Current dividers are used in particular to measure high currents; they are then called shunt , with the measuring device forming one of the current paths. Essentially, however, it measures the voltage dropping on the main path, since only a very small partial current flows through it.

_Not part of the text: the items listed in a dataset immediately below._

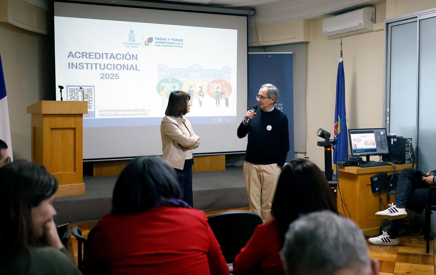 Con asistencia abierta de académicas/os, estudiantes, funcionarias/os y directivas/os se desarrolló el 23 de julio la visita a la Facultad de Gobierno, con el fin de dar a conocer los principales resultados del informe de autoevaluación institucional tanto para la Universidad como para la facultad.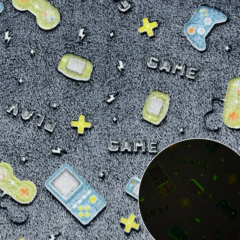 Manta Fleece Brilha No Escuro Vídeo Game 100% Poliéster 1,60M Largura - Fundo Preto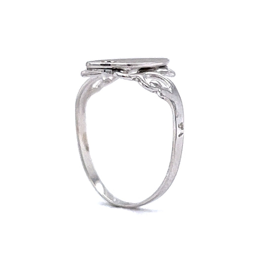 Round Brilliant Cut Diamond Signet Ring in 10k White Gold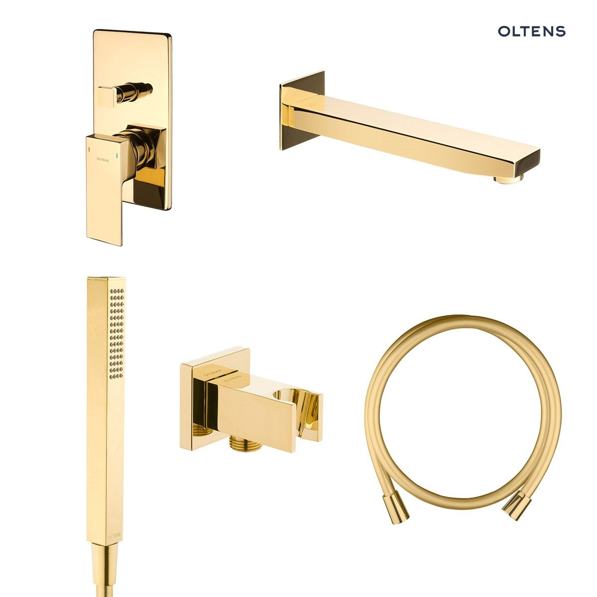 Zestaw Oltens Gota zestaw wannowo-prysznicowy podtynkowy złoty połysk (34101800,39101800,37103800,37200800,39303800)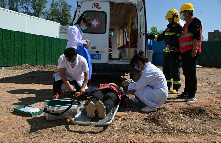 此次演練模擬三個(gè)場景進(jìn)行,分別為臨夏市東郊生態(tài)公園建設(shè)項(xiàng)目施工人員未正確使用勞動(dòng)保護(hù)用品,造成在拆除模板作業(yè)中發(fā)生高處墜落;因近期臨夏市連續(xù)降雨造成洪水蔓延,威脅下游施工人員生命財(cái)產(chǎn)安全;勞務(wù)人員生活區(qū)域因電器操作不當(dāng)造成電線短路發(fā)生火災(zāi)事故,造成多名施工人員不同程度受傷、埋壓、被困,生命安全受到嚴(yán)重威脅。

In multimeters there are switchable current dividers for current measurement in different areas.

Web links

Exercises on the flow divider rule (PDF file; 111 kB)

Individual evidence

^ Rainer Ose: Electrical engineering for engineers: Fundamentals . Carl Hanser, 2013, ISBN 978-3-446-43955-9 , pp. 378 ( limited preview in Google Book search).
↑ Reiner Johannes Schütt: Electrotechnical basics for industrial engineers: Generating, transmitting, converting and using electrical energy and electrical messages . Springer, 2013, ISBN 978-3-658-02763-6 , pp. 35 ( limited preview in Google Book search).

[1] Rainer Ose: Electrical engineering for engineers: Fundamentals . Carl Hanser, 2013, ISBN 978-3-446-43955-9 , pp. 378 ( limited preview in Google Book search).

[2] Reiner Johannes Schütt: Electrotechnical basics for industrial engineers: Generating, transmitting, converting and using electrical energy and electrical messages . Springer, 2013, ISBN 978-3-658-02763-6 , pp. 35 ( limited preview in Google Book search).